Reputation: 2845
I have a User model which has the boolean attribute :sourced
I wanted to write the code below, but I get returned an empty array
User.where(sourced: false)
# User Load (2.0ms) SELECT "users".* FROM "users" WHERE "users"."sourced" = 'f' ORDER BY users.id DESC
# => []
However, this isn't the case, because there actually are records that have sourced set to false.
i.e, when I run
User.first.sourced #=> false
In my schema.rb file, it shows that the default value for the 'sourced' column is false
create_table "users", force: true do |t|
t.string "name"
t.string "email"
t.datetime "created_at"
t.datetime "updated_at"
t.string "password_digest"
t.string "remember_token"
t.boolean "admin", default: false
t.string "password_reset_token"
t.datetime "password_reset_sent_at"
t.text "admin_note", limit: 800
t.integer "applications_count"
t.string "admin_link"
t.boolean "sourced", default: false
t.boolean "told_admin"
end
What's going on here?
Upvotes: 0
Views: 586
Reputation: 3935
This is caused because you don't have a default value of false set in your migration, so it is saving it as nil which you aren't looking for. With duck typing nil == false so on the ruby level its false.
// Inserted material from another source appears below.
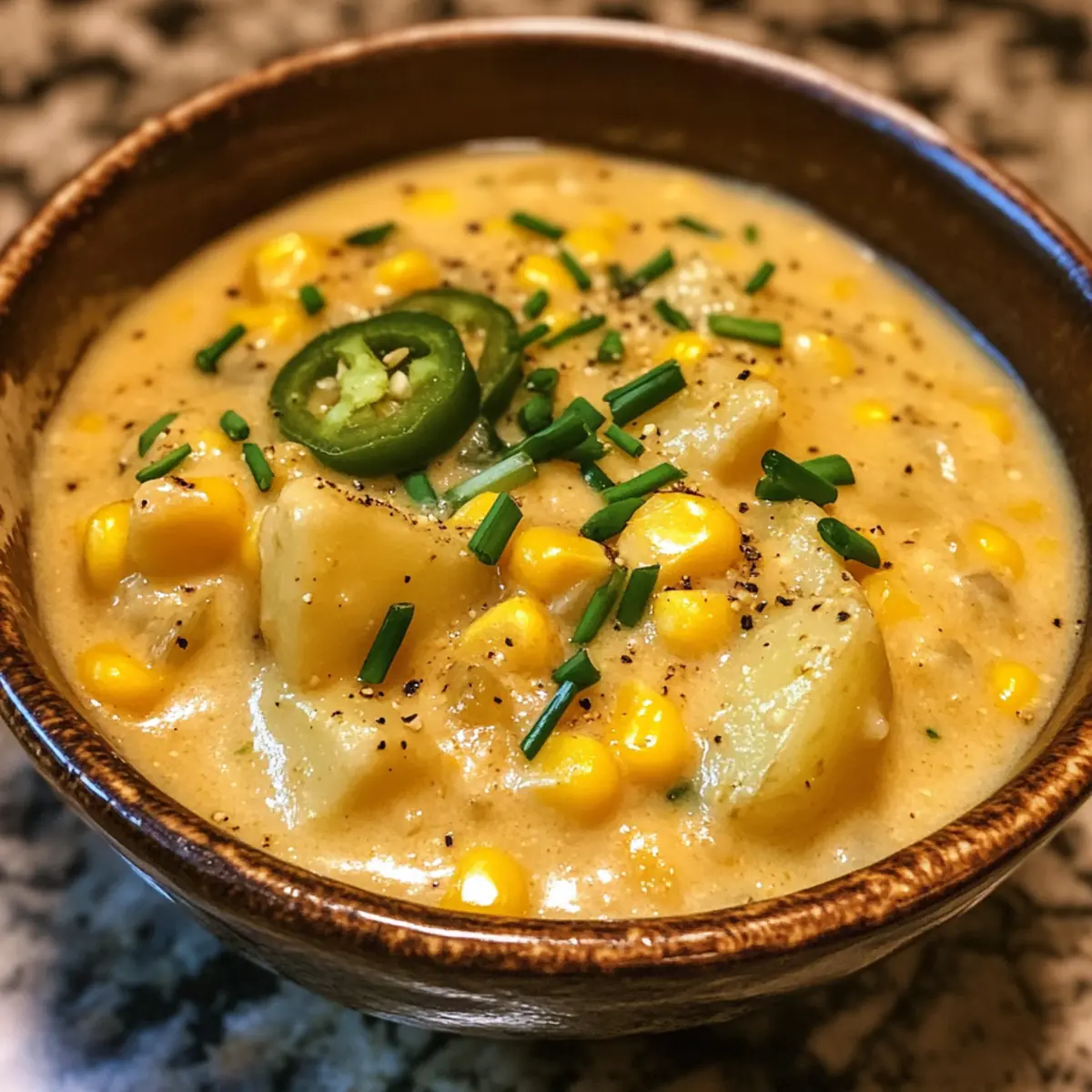 - Ladle the Creamy Jalapeño Corn Chowder into bowls and garnish with freshly chopped chives. For an extra touch of brightness, you might add a squeeze of lime.

While you could do a query for false and nil... this is a bit cumbersome. Just set a default value in your database.
you can fix this with a migration
def up
#change column
change_column :users, :sourced, :boolean, default: false
# reload schema https://stackoverflow.com/a/8935621/793330
User.reset_column_information
# update the nils
User.find_each(&:save)
end
Always remember to set a default value for boolean values in your database. This will save you a ton of frustration in the future and also helps with validations by always setting a default value on the database level.
Also if you're using SQLite? perhaps its not typecasting properly does this work?